J'ai tout lu, impassible.

Assister à ce que l'on ne peut arrêter constitue une violence inouïe. Voir son chagrin traité comme un fait divers alors que les morts s'accumulent sous diverses formes. Les bombardements se sont quelque peu ralentis (faut-il y voir matière à célébration ?). On dirait qu'une mort lente est préférable à une mort en fanfare.

Mais ma vitre étouffe les cris, et de l'autre côté, on célèbre un cessez-le-feu qui ne nous concerne pas. On est prompt à festoyer, mais plus encore à oublier.

J'ai donc appris que se figer.

Se figer n'est pas s'immobiliser. Être immobile est un choix. Se figer, c'est ce qui arrive lorsque votre corps réalise qu'aucun mouvement ne vous sauvera, que crier ne vous fera pas entendre et que briser la vitre va simplement vous faire saigner - du sang de part et d'autre.

Se figer, c'est la miséricorde que le corps s'accorde à lui-même. Une petite mort avant la grande.

Mais je ne suis pas censé me figer, c'est mon peuple qui se fige.
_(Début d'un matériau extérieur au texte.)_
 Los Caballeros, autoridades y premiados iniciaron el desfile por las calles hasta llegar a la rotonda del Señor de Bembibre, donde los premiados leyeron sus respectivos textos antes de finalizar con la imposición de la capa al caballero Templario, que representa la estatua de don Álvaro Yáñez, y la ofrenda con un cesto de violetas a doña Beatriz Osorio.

Je suis censé être résilient. Censé accepter la violence et aller de l'avant. Censé savoir qu'il est impossible de porter le fardeau des morts, qu'il faut préserver sa santé mentale et accepter l'impuissance.

C'est précisément la limite. Le coup de grâce. Il n'y a rien à faire.
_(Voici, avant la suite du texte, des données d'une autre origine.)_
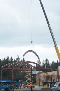 Workers on Monday raised the beams for Grace Ridge Brewery, a new brewery under construction on Ocean Drive.…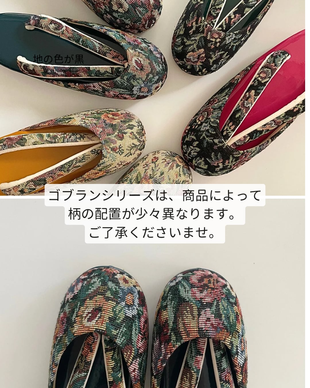 「ゴブラン姉妹」シリーズは、15世紀フランス生まれのゴブラン織りを防寒草履に落とし込みました。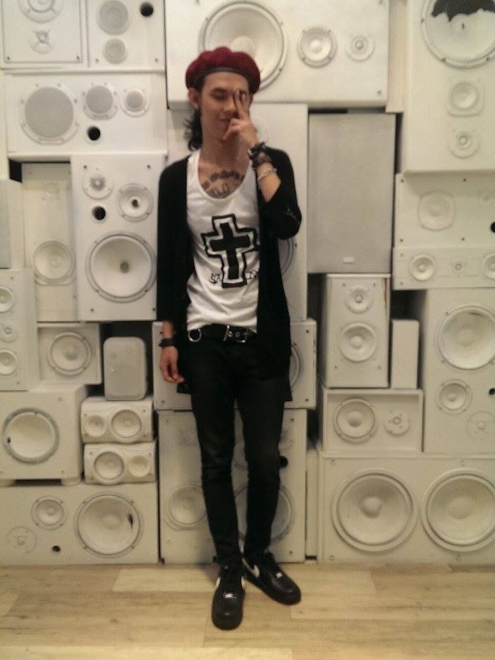 梁士華MONTEのタンクトップ「Evil cross tank top」を使ったコーディネート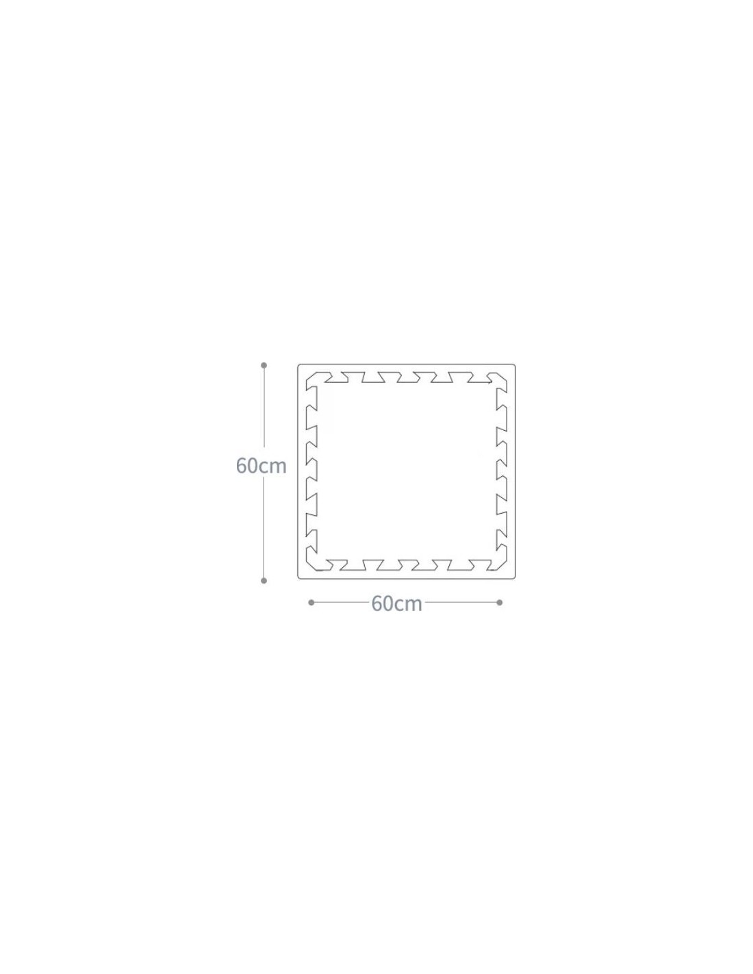 Į komplektą įeina šeši kilimėliai, kurių matmenys 600x600mm ir storis 10mm. Kiekvienas kilimėlis turi dvi briaunas, todėl galima laisvai išsidėlioti kaip patogu

Donc, le monde ne fait rien, et il faudrait croire que c'est signe de sagesse.

Je ne sais plus quoi faire de tous ces noms. Hadeel. Taim. Rahaf. Je les écris. Je les prononce à voix haute dans mon appartement, à l'abri des autres. Comme si les garder en mémoire en répétant leur nom pouvait donner un sens à leur mort. Comme si mon attention avait compté.

Mais peu à peu, je commence à comprendre que le deuil ne fonctionne pas ainsi.

Le deuil a besoin de témoins. Que se passe-t-il quand les témoins sont insensibles  ? Que se passe-t-il lorsque même moi, qui ne peux m'empêcher de regarder, cesse de ressentir ce que je devrais ressentir  ? Lorsque je lis que Rahaf s'est noyé dans sa tente, ma première pensée n'est pas l'horreur, mais "oui"... ?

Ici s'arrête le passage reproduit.